Elevated expression of Siglec-1 on circulating monocytes has been reported in some inflammatory and autoimmune diseases, but its expression and role in RA has not been elucidated. The aims of this study were to determine the expression of Siglec-1 in peripheral blood and to explore its role in mononuclear cell reactivity to autoantigen in RA.

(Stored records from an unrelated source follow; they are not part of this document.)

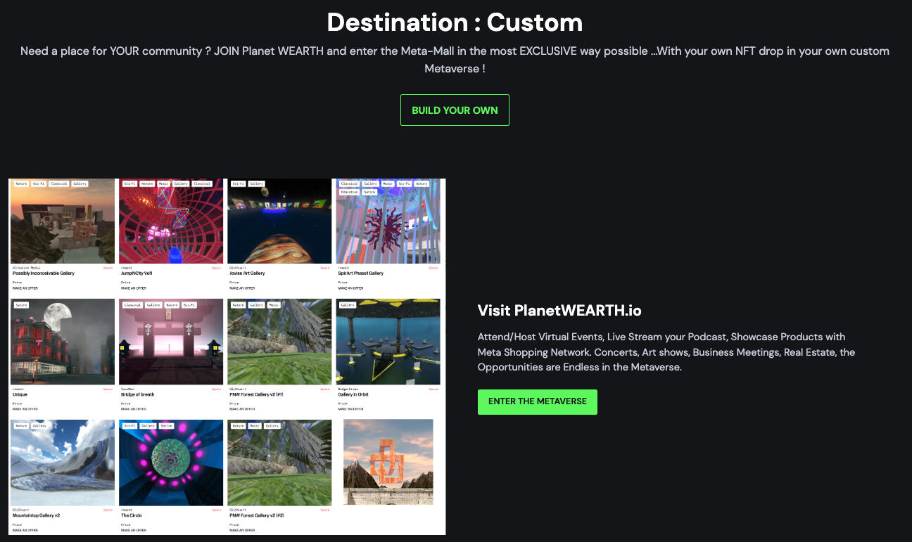 Focus on your community we handle the rest!ACCESS Planet WEARTH collection of Customizable spaces or work with our Team of MetaBuilders to help design your very own CUSTOM spaceNFTs have various rarities
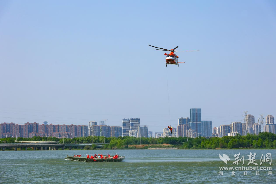 水域搜救环节,中国安能救援基地与国家华中区域应急救援中心机动队伍协同配合,组成动力舟桥和橡皮艇编队,开展人员搜救和转移行动。第二批群众转移时,一名群众突发昏迷,武汉市应急管理局调派直升机,开展直升机绳索救援,检验了“舟桥——空中”无缝对接的立体救援能力。
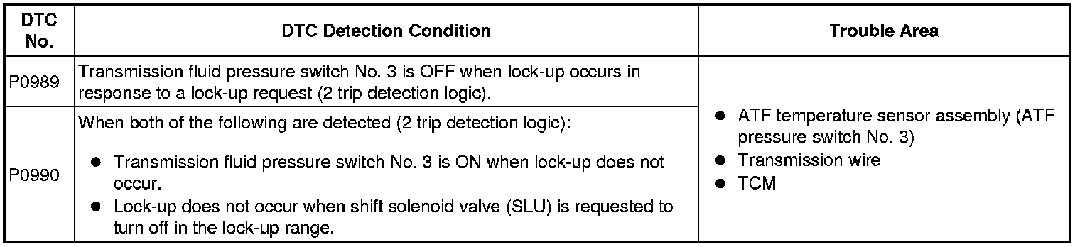 The TCM illuminates the MIL and stores the DTC when the TCM detects that the ATF pressure switch is OFF with the lock-up solenoid ON or when the TCM detects that the ATF pressure switch is ON with the lock-up solenoid OFF.
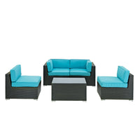 Simple And Serviceable, The Camfora Is A Great Choice For Any Backyard. Classically Styled Furniture Crafted Out Of All Weather Materials Meant To Last, This Set Will Please Year After Year. Enjoy Some Quality Time In The Fresh Air With The Camfora Set. Set Includes: One - Camfora Outdoor Wicker Patio Coffee Table One - Camfora Outdoor Wicker Patio Left Arm Section One - Camfora Outdoor Wicker Patio Right Arm Section Two - Camfora Outdoor Wicker Patio Armless Sections Product Dimensions: Coffee Table Dimensions: 35.5"L X 20"W X 16"H Left Section Dimensions: 33.5"L X 29.5"W X 27.5"H Right Section Dimensions: 33.5"L X 29.5"W X 27.5"H Armless Section Dimensions: 33.5"L X 31.5"W X 27.5"H Seat Height: 12"H Backrest Height: 27.5"H Armrest Dimensions: 4"W X 27.5"H Cushion Depth: 4"H Overall Product Dimensions: 126"L X 65"W X 27.5"H.
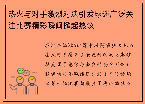 热火与对手激烈对决引发球迷广泛关注比赛精彩瞬间掀起热议
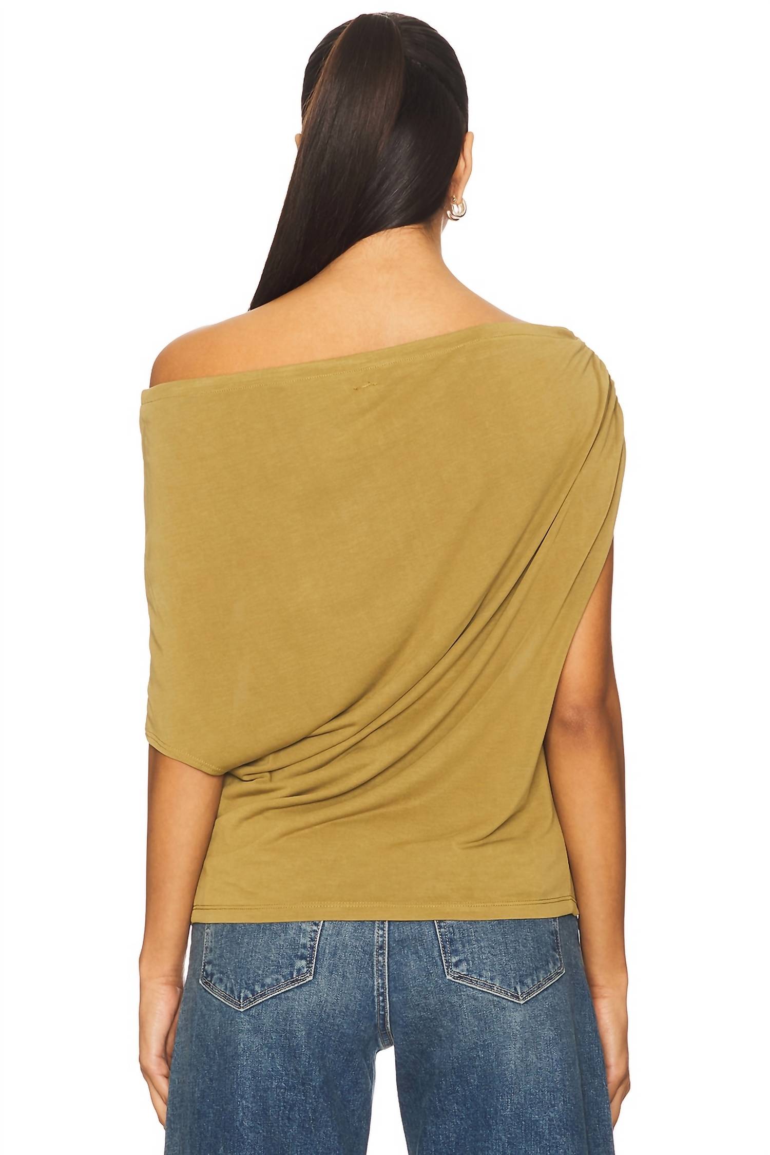 The Blake Knit Top by Free People is a minimalist must-have for any wardrobe, designed in an earthy Green Moss hue. This sleeveless blouse is crafted from soft Modal material and features a chic off-the-shoulder neckline with ruched detailing, offering a relaxed, drapey fit perfect for summer vacations. Material: Modal. Closure: Pull on. Care: Machine wash.
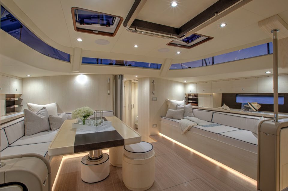 Le linee pulite sono enfatizzate, sfruttando la reputazione del costruttore di yacht per la falegnameria interna fine, esibendo allo stesso tempo una sensibilità elegante e moderna. Grandi finestre sul lato dello scafo, un baule della cabina circondato da finestre, lucernari e portelli sopraelevati bagnano l’interno con luce naturale.
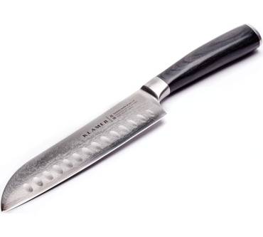 Mit diesem Santokumesser von Klamer führen Sie selbst sehr feine Schnitte präzise aus bzw. können nicht nur japanische Gerichte flott vorbereiten. Durch den Schliff mit Kullen bleiben Karotte, Gurke & Co. nicht an der Klinge kleben und das Ergebnis wird präzise, beispielsweise für Dekorationen. 67 Lagen japanischer Stahl mit einer Härte von 61 nach der Rockwell-Skala deuten auf Langlebigkeit hin und eine ausdauernde Schärfe. Dazu ist der Griff aus Pakka-Holz gefertigt und liegt neben der ansprechenden Optik auch griffig in Ihrer Hand. Laut Hersteller ging das Messer in einem neueren Test als Sieger hervor, was durch über 80 Prozent hoher Bewertungen von Nutzern bestätigt wird. Nur vereinzelt berichten Rezensenten von kleineren Schäden an der Klinge bei der Lieferung.

Siglec-1 protein and mRNA levels in 42 RA patients, 39 OA patients, 28 SLE patients and 42 normal controls were determined by flow cytometry and quantitative RT-PCR, respectively. In addition, 10 patients with active RA received DMARDs for 12 weeks and the frequencies of Siglec-1-positive cells and the 28-joint DAS (DAS28) were assessed before and after therapy. Furthermore, TNF-α, IFN-γ and type II collagen were used to up-regulate Siglec-1. Peripheral blood mononuclear cells (PBMCs) from different groups were stimulated with mitogens or antigens and cell proliferation and cytokine production were determined.

The protein and mRNA levels of Siglec-1 on PBMCs and monocytes in RA patients were significantly higher than those in OA patients and healthy controls. Moreover, the expression of Siglec-1 protein on PBMCs was positively correlated with DAS28, ESR, high-sensitivity CRP and IgM-RF, but not with anti-CCP antibody. Interestingly, Siglec-1 expression was decreased in parallel with the decrease in the DAS28 after 12 weeks of anti-rheumatic treatment. Furthermore, TNF-α, IFN-γ and type II collagen can up-regulate Siglec-1 in PBMCs. Elevated PBMC proliferation and proinflammatory cytokine production to collagen stimulation in RA patients decreased when Siglec-1 was inhibited by anti-Siglec-1 antibodies.

Elevated Siglec-1 expression in PBMCs and monocytes can potentially serve as a biomarker for monitoring disease activity in RA. Siglec-1 may also play a proinflammatory role in stimulating lymphocyte proliferation and activation in RA.